Temple Run 2: Don’t Stop Running, And Don’t Look Down [Review]



For a game that’s been downloaded over 170 million times and spawned countless ripoffs, the sequel to Temple Run came as a complete shock. The smash-hit endless runner started sneaking into App Stores around the world yesterday, and it went live in the U.S. late last night. Imangi Studios, the small company behind Temple Run, had no promotional material or teasers leading up to the release.

But now that Temple Run 2 is here, fans of the original can sprint, jump, slide, and fall through a new and improved world. With zip lines, new power-ups, characters, and a mine cart, Temple Run is better than ever.

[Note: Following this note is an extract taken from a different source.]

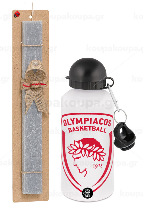 Olympiacos B.C., Easter Set, metallic aluminum water bottle (500ml) & aromatic flat Easter candle (30cm) (GRAY)

One of the coolest things about the success of Temple Run is that it’s the lovechild of a husband and wife, Keith Shepherd and Natalia Luckynova. The couple’s Imangi Studios is behind other successful games like Max Adventure, and they recently partnered with Disney to release a spinoff of Temple Run based on the animated movie Brave.

“We wound up with all this stuff we wanted to do in Temple Run that we couldn’t physically do as an update to the original,” said Shepherd in an interview today with AllThingsD. “It was just a really small team of us that built the first one (Shepherd, Luckyanova, and artist Kiril Tchangov), and we had no idea that it was going to go on to become this worldwide phenomenon. It wasn’t designed to be ported to other platforms or to be continually added to over the next couple of years. We wanted a fresh start.”

Temple Run is by far Imangi’s biggest success, and it’s been downloaded close to 200 million times in the App Store and Google Play combined. The game has definitely become a household name for iOS users since it launched in August of 2011.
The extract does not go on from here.